Introduction. Thermal stress is an increase in body temperature due to the predominance of heat received from outside or released during metabolism over heat losses by the body. Heat production can be regulated using benzodiazepines in doses unattainable with a single intramuscular injection of their officinal preparations. In this study, this limitation is overcome using a prototype of the Phenazepam nasal spray (PNS) preparation, containing 170 mg of phenazepam in 1 mL of a non-aqueous solution.

Objective. Experimental assessment of the PNS effect on the metabolic rate and thermal balance in thermal stress.

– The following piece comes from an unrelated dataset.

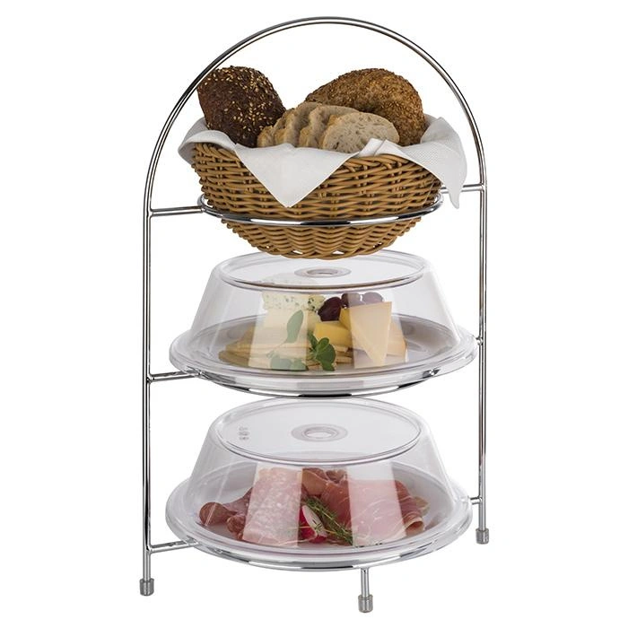 Stojan na servírovanie na 3 taniere vyrobený z nerezovej ocele je praktickým a estetickým riešením pre bufety, reštaurácie aj domáce oslavy. Vyznačuje sa pevnou, chrómovanou konštrukciou a možnosťou vystavenia troch tanierov s priemerom do 27 cm. Ideálny na efektné servírovanie jedál, občerstvenia alebo dezertov, pričom šetrí miesto na stole a zvýrazňuje atraktívnosť prezentovaných pokrmov.

Materials and methods. The effect of a single 10 μL PNS intranasal instillation on the external respiration intensity, oxygen consumption, as well as 10 μL PNS intranasal instillations at 0.5 h intervals on the dynamics of rectal temperature, body weight, and lethality in rats at an air temperature of 40 °C was studied.

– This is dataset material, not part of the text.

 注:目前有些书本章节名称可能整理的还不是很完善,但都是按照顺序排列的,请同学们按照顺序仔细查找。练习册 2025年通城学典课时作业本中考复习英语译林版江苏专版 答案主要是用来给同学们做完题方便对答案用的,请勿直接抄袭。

Results. PNS instillations reduced oxygen consumption by an amount sufficient to decrease body temperature by 0.3 °C in 0.5 h. PNS administration declined the rate of body temperature rise when placing rats in restrainers at an air temperature of 40 °C; however, PNS administration accelerated body temperature rise and increased lethality when placing rats in cages. Due to PNS, moisture loss by rats in cages decreased, judged by the dynamics of body weight.

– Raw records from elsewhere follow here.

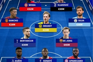 中场:桑乔(曼联,2800万)、本坦库尔(热刺,3000万)、布兰特(多特,2500万)、德容(巴萨,4500万)、B席(曼城,3800万)
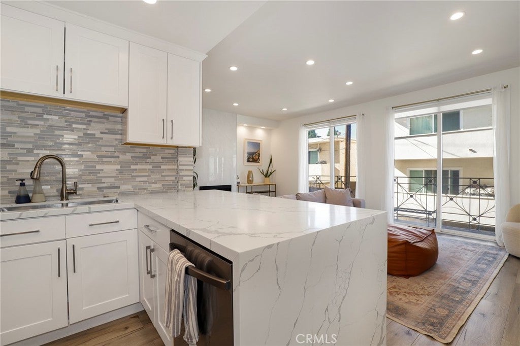 Welcome home to 11723 Goshen Ave #103!! This beautifully remodeled and freshly painted condo is a rare gem of an opportunity. Located in a prime Brentwood location, this 3-bedroom and 2-bathroom sports a fresh open concept floor plan, with newer flooring, windows, and a highly must have of an in unit laundry, all set inside an airy 1370 square feet of serene living space. Adjacent to the foyer is the spacious bathroom, fitted with dual sinks and a shower/tub combination, and two main bedrooms with recessed lighting, large windows that let you soak in natural sunlight, and built-in closet storage with mirrored sliding doors. The kitchen is a sight to behold, featuring stainless steel appliances, glossy quartz countertops, a beautiful tile backsplash, and a roomy breakfast bar that opens into an expansive living room and an intimate dining room. A cozy fireplace ties it all in, and the large private balcony off the living room creates an entertainer's dream space. Walk into your spacious primary bedroom with ensuite bathroom and enjoy your fortress of solitude and serenity. Welcome home to 11723 Goshen #103.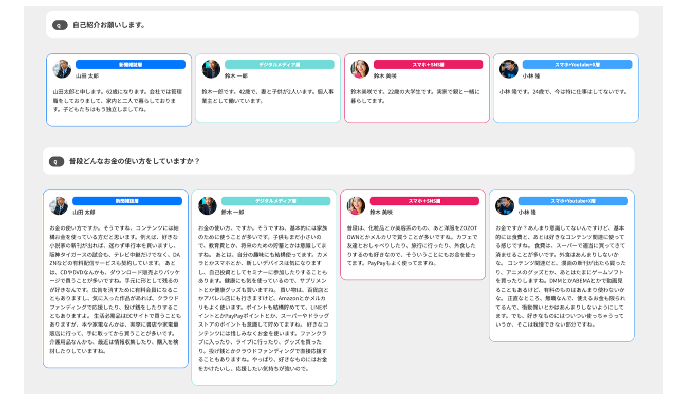バーチャル生活者は一度に複数設定して、チャット形式のUIで同時に会話することができます。1つの問いに対して賛成や反対などにとどまらない様々な角度からの意見を得ることができ、社員の創造性を刺激することが可能です。

Conclusions. The study confirmed the prospects of PNS as a pharmacotherapy for heat stroke at a high relative humidity, exposure to insulating skin protectors, or with immersion hyperthermia. The possibility of the aggravating effect of PNS on human thermal stress in the absence of physical obstacles to heat transfer by evaporation requires additional verification.

Keywords

hyperthermia, survival, evaporation, elevated air temperature, body temperature, heat stress, heat loss, heat production, metabolic rate, phenazepam nasal spray

For citations:

Ivnitsky J.J., Vakunenkova O.A., Krasnov K.A., Gaft S.S., Lapina N.V. Heat transfer by evaporation determines the effect of nasal phenazepam on thermal stress in rats. Extreme Medicine. 2025;27(1):37-42. https://doi.org/10.47183/mes.2024-245

INTRODUCTION

Thermal (heat) stress is an increase in the core body temperature, when the algebraic sum of thermal energy received from outside and released in metabolic processes exceeds that of thermal energy lost by evaporation, radiation, convection, and heat conduction. The totality of the most severe clinical manifestations of heat stress, referred to as heat stroke [1], is a critical condition with a mortality rate of 27% [2]. Not only children and elderly people are at increased risk of heat stroke, but also the economically active population, whose activities are associated with physical exertion or work in conditions that impede heat transfer. These include, e.g., military personnel, police officers, firefighters, hot shop workers, and athletes.

The basic principle of first aid in heat stroke management consists in a rapid reduction of body temperature. The current standard of emergency medical care¹ recommend physiotherapeutic means for promoting heat transfer, such as cooling liquids and applications. Medications include saline solutions, nonsteroidal anti-inflammatory drugs (NSAID), and diazepam. Based upon the daily or course dose of 10 mg, diazepam can be prescribed in a single dose of 5 mg as a sedative. The current literature lacks data on the effect of diazepam used in this mode on the thermal state of the body. However, parenteral administration of benzodiazepines in doses of more than 20 mg, similar to those used to relieve seizures of chemical etiology [3], is likely to produce the required effect.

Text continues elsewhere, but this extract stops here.